Decoder Architecture
The decoder implements a simple Gaussian decoder with the following structure:
Layer | Output Dimensions | Activation Function |
---|---|---|
Input | 2 | - |
Dense 1 | 128 | Identity |
Dense 2 | 128 | LeakyReLU |
Dense 3 | 128 | LeakyReLU |
Dense 4 | 128 | LeakyReLU |
Output | n_env |
Identity |
Metric Chain Architecture
The metric chain computes the Riemannian metric tensor with the following structure:
Layer | Output Dimensions | Activation Function |
---|---|---|
Input | n_env |
- |
Dense 1 | 128 | Identity |
Dense 2 | 128 | LeakyReLU |
Dense 3 | 128 | LeakyReLU |
Dense 4 | 128 | LeakyReLU |
Diagonal Output | 2 | Identity |
Lower Triangular Output | 1 | Identity |
Data Preprocessing
The input data underwent the following preprocessing steps:
Logarithmic transformation of fitness values.
Z-score standardization (mean = 0, std = 1) per environment.
K-medoids clustering to select centroids for the manifold approximation.
Implementation Details
The model was implemented using:
Julia
programming language.Flux.jl
for neural network architecture.AutoEncoderToolkit.jl
for RHVAE-specific components.Random seed set to 42 for reproducibility.

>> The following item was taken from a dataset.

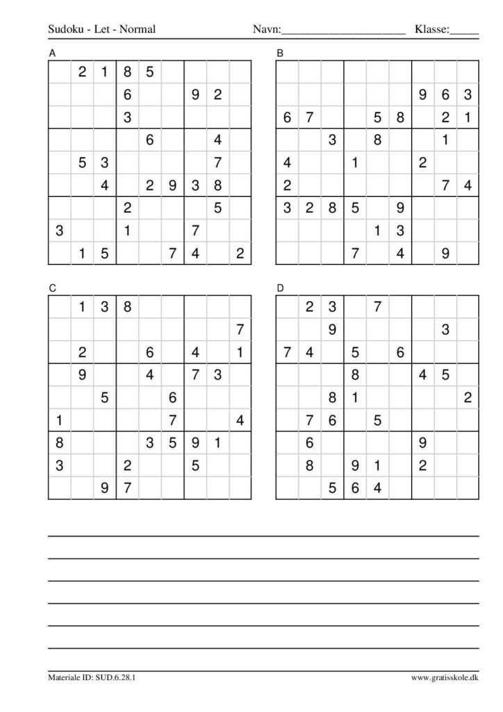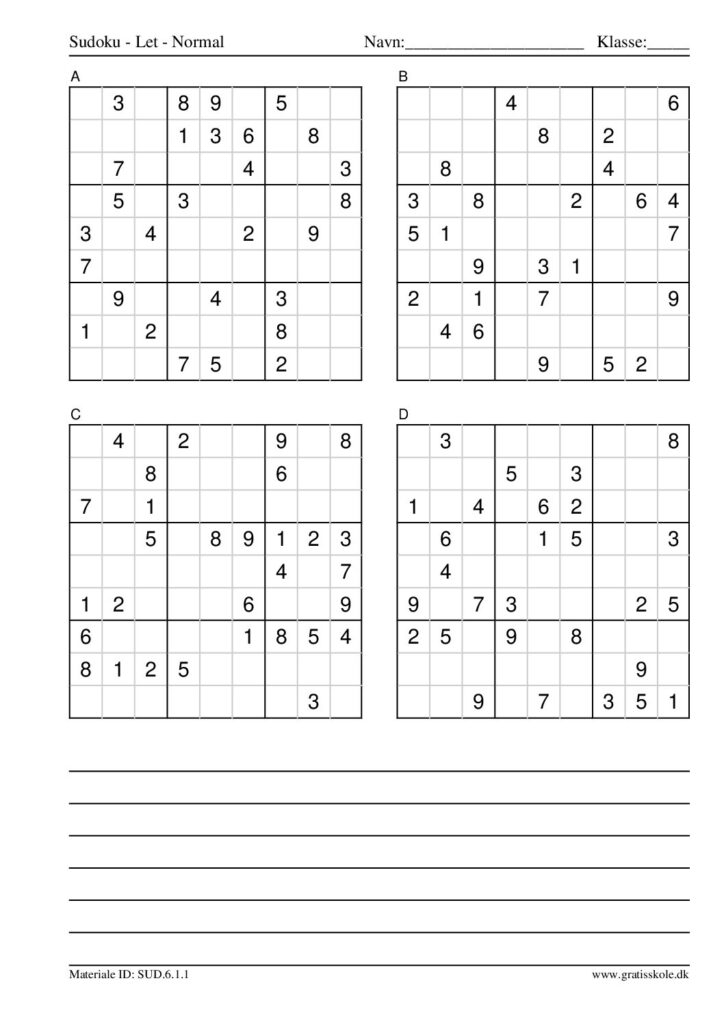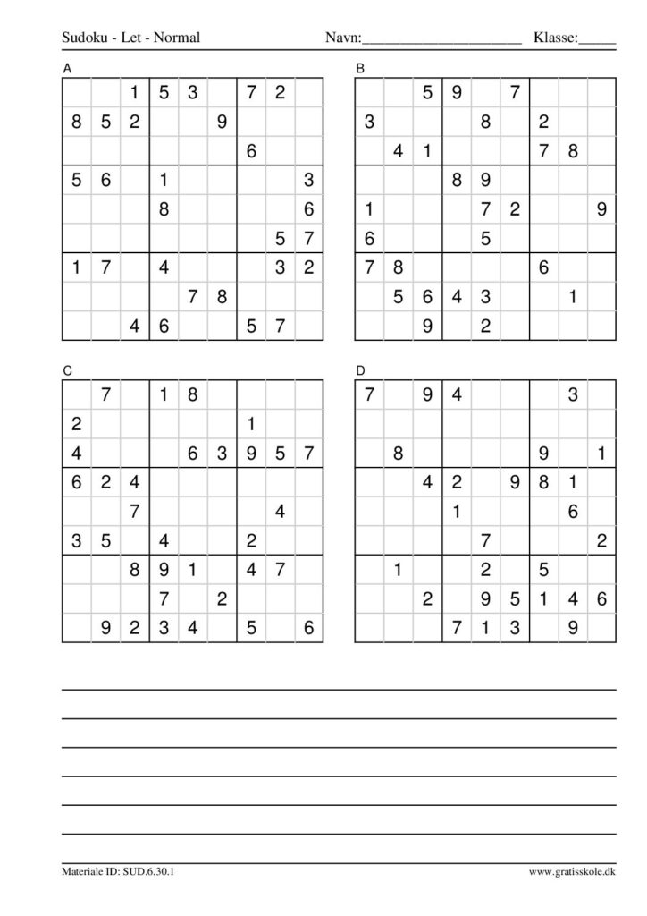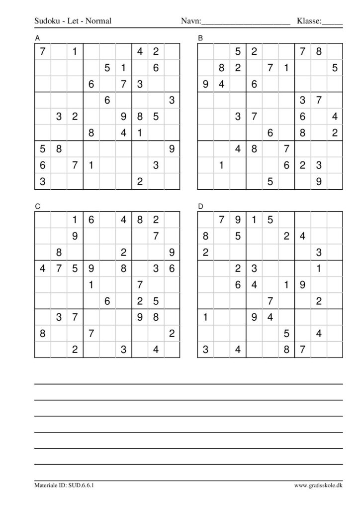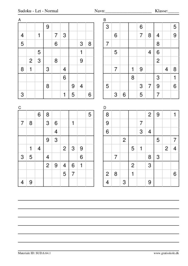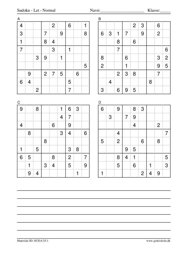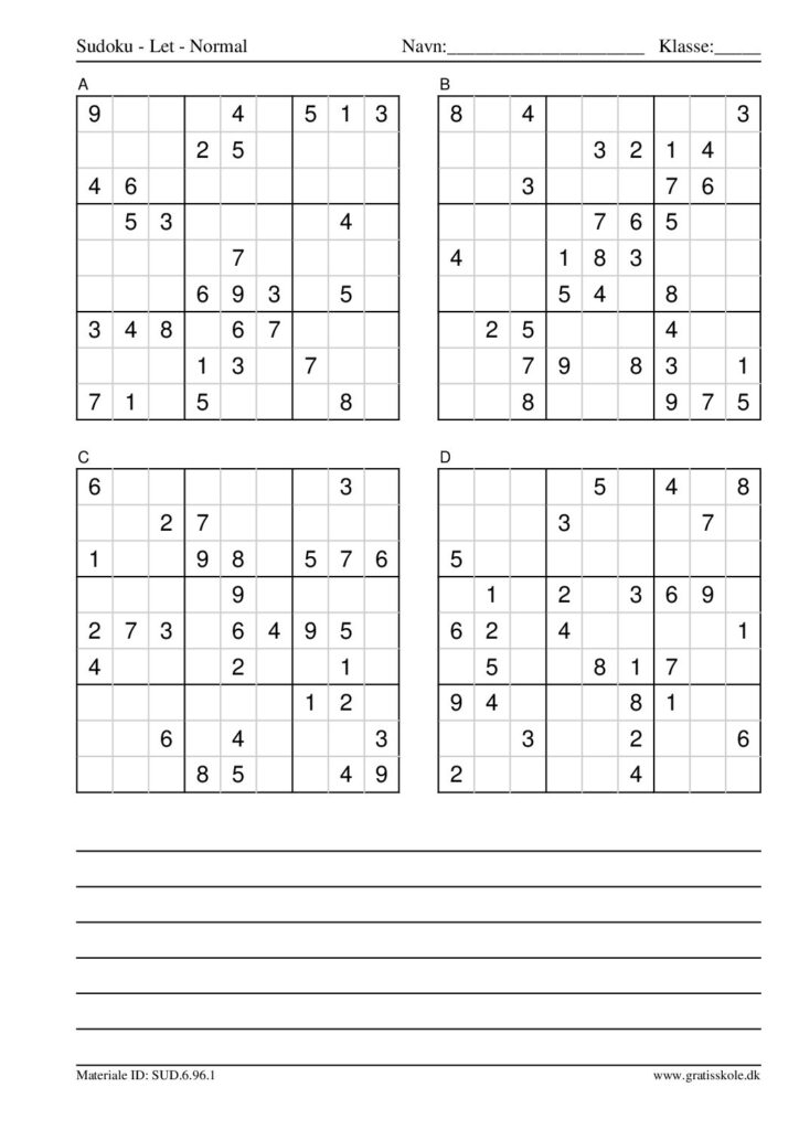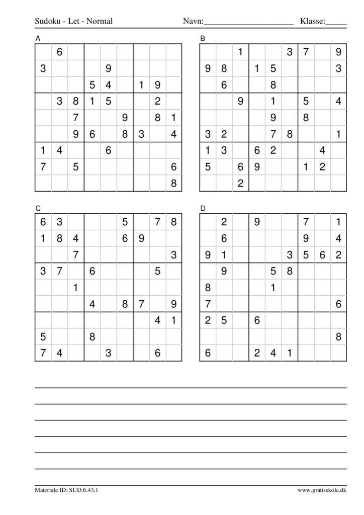 Her finder du en liste med gratis sudoku til print i niveauet “let”. Der er fire sudokuer på hvert ark. Klik på hvert billede for at blive ført videre til PDF-filen, hvor hver sudoku gratis kan downloades.
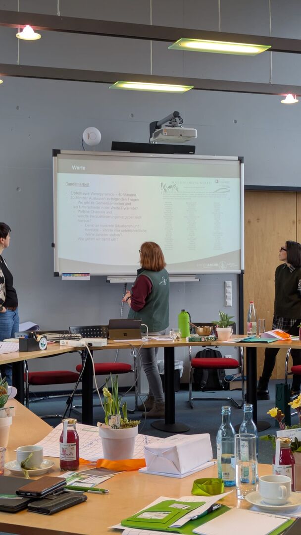 Nach der Mittagspause ging es um verschiedene Wertevorstellungen und den Generationenkonflikt in unseren Einrichtungen. In Einzel- und Teamarbeit erstellten die Stellvertreter:innen jeweils individuelle „Wertepyramiden“ und verglichen sie miteinander. Wo sehen wir Chancen in den Unterschieden, wo Konfliktpotential?

The complete model state and architecture were saved in JLD2
format for reproducibility and future use.
All of the code used to implement the model is available in the GitHub repository for this project.

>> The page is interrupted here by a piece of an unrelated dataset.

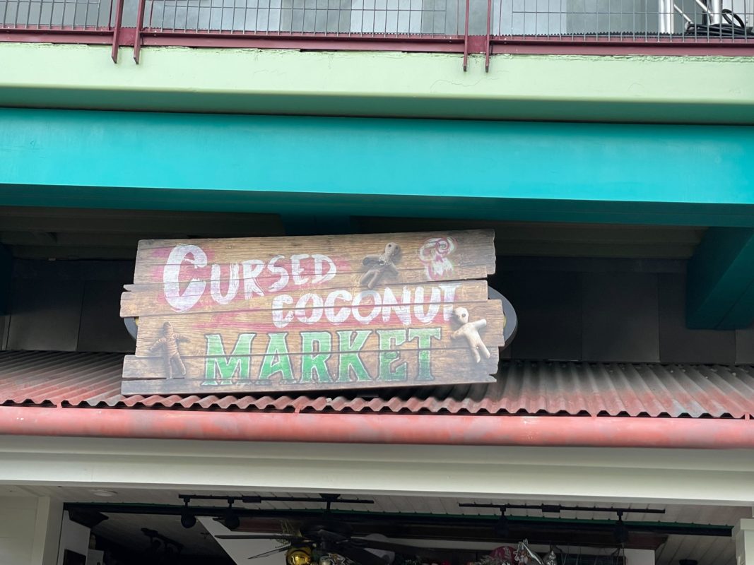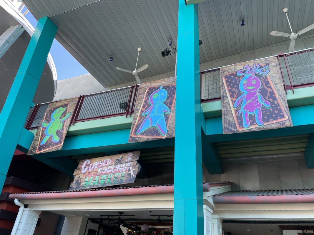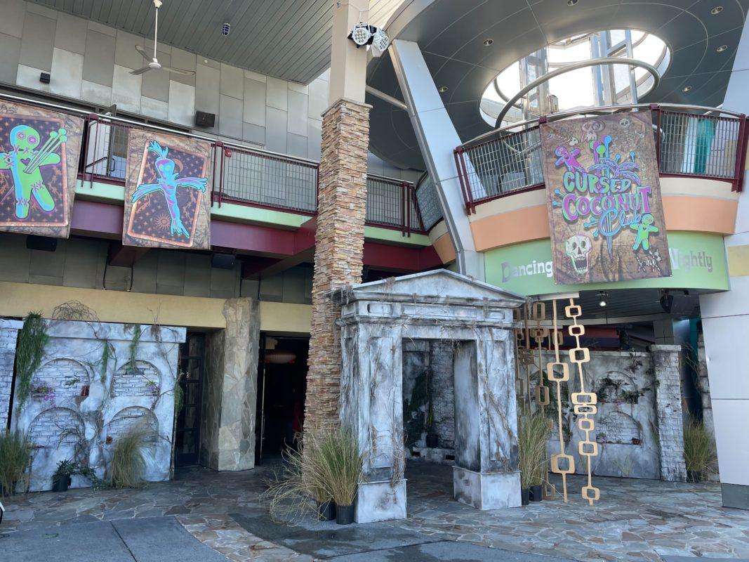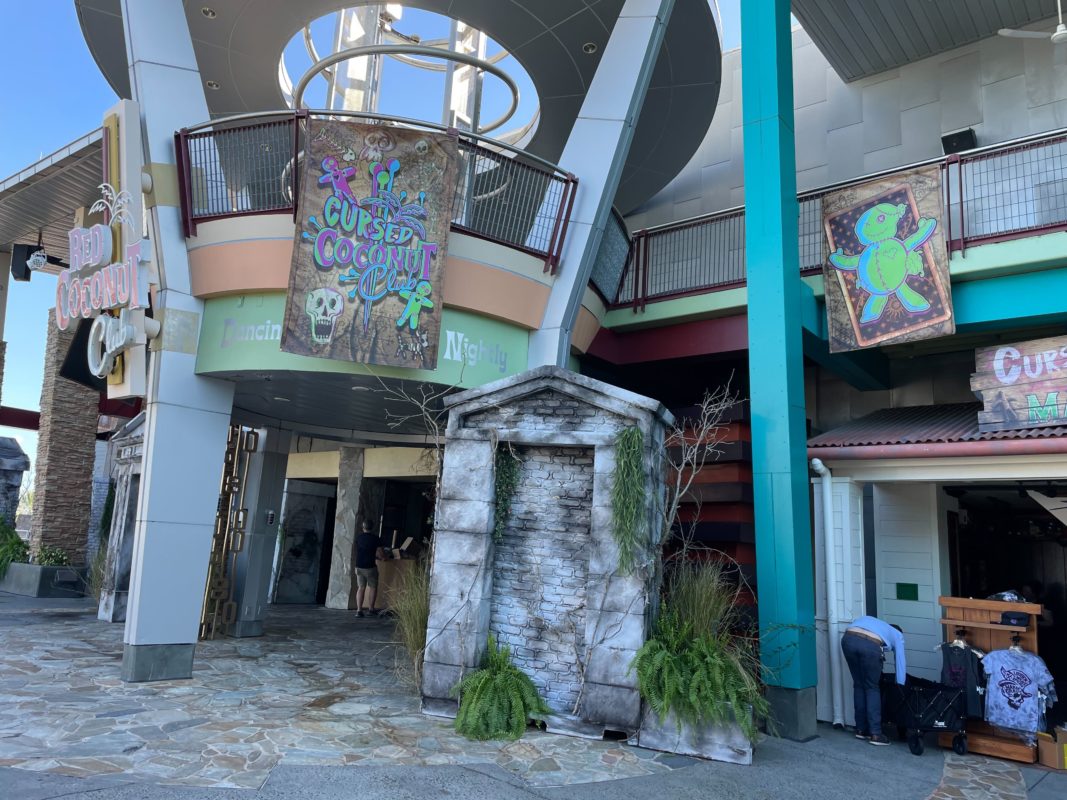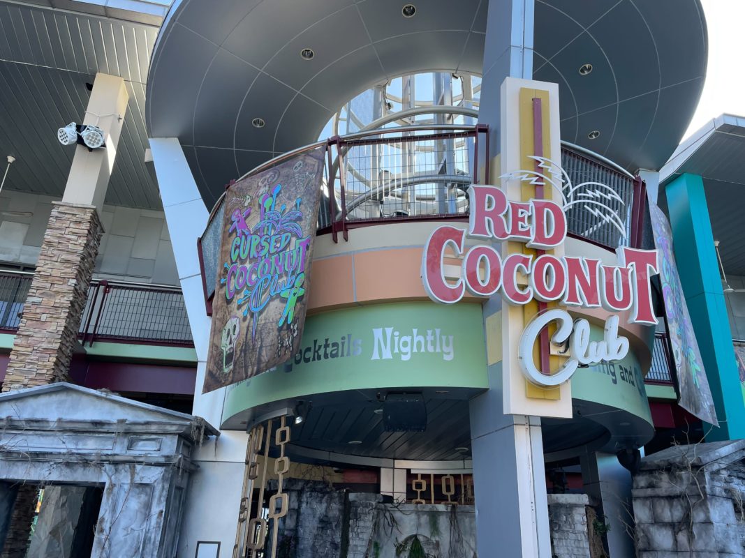 The banners hanging above the Red Coconut Club entrance read “Cursed Coconut Club.” They also feature neon Voodoo dolls as well as skulls and skeletal animals.

Neural Geodesic Architecture
The neural network architecture implemented in this study is a Neural Geodesic model designed to find geodesics on the latent space manifold of a Riemannian Hamiltonian Variational Autoencoder (RHVAE) [12]. The network is implemented using the Flux.jl framework and learns to parameterize geodesic curves between points in the latent space.
Model Parameters
Parameter | Value | Description |
---|---|---|
Hidden Layer Size | 32 | Number of neurons in hidden layers |
Input Dimension | 1 | Time parameter t ∈ [0,1] |
Output Dimension | 2 | Dimensionality of the latent space |
Endpoints | z_init=[0,0], z_end=[1,1] | Start and end points of the geodesic |
Neural Geodesic Architecture
The neural geodesic implements a feed-forward network that maps from the time domain to the latent space with the following structure:
Layer | Output Dimensions | Activation Function |
---|---|---|
Input | 1 | - |
Dense 1 | 32 | Identity |
Dense 2 | 32 | TanH |
Dense 3 | 32 | TanH |
Dense 4 | 32 | TanH |
Output | 2 | Identity |
Architectural Details
- Input Processing
- Takes a single time parameter \(t \in [0,1]\).

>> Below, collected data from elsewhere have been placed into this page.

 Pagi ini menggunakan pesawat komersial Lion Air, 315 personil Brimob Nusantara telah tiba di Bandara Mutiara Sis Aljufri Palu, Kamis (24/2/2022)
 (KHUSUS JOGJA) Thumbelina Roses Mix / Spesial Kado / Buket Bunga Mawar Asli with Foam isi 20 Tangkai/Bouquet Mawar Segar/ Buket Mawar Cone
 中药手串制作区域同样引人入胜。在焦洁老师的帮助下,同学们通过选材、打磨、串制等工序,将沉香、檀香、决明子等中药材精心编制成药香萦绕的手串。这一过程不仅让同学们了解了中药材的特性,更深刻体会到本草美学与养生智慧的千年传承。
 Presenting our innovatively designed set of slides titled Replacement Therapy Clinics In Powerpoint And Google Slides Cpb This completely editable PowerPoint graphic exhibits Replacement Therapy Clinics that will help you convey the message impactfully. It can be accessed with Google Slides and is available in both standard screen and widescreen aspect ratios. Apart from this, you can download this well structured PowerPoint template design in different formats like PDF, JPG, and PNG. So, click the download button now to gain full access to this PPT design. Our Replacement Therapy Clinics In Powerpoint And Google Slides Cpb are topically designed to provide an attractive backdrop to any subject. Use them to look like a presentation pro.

- Maps to the latent space dimension (2D in this implementation).
- Designed to learn smooth geodesic curves.
- Network Structure
- Follows a deep architecture with 4 hidden layers.
- Uses
tanh
activation for smooth curve generation. - Identity activation at input and output layers for unrestricted range.
- Output Constraints
- Network outputs must satisfy boundary conditions:
- \(\gamma(0) = \underline{z}_{\text{init}}\).
- \(\gamma(1) = \underline{z}_{\text{end}}\).
- Generated curve represents path in latent space.
- Network outputs must satisfy boundary conditions:
Implementation Details
The model is implemented with:
Julia
programming language.Flux.jl
for neural network architecture.AutoEncode.diffgeo
package for geodesic-specific components.Random seed set to 42 for reproducibility.
The model is designed to work in conjunction with a pre-trained RHVAE model, using its latent space structure to inform the geodesic computation. The complete model state and architecture are saved in JLD2
format for reproducibility and future use.
Integration with RHVAE
This neural geodesic model complements the RHVAE architecture by:
Using the same latent space dimensionality.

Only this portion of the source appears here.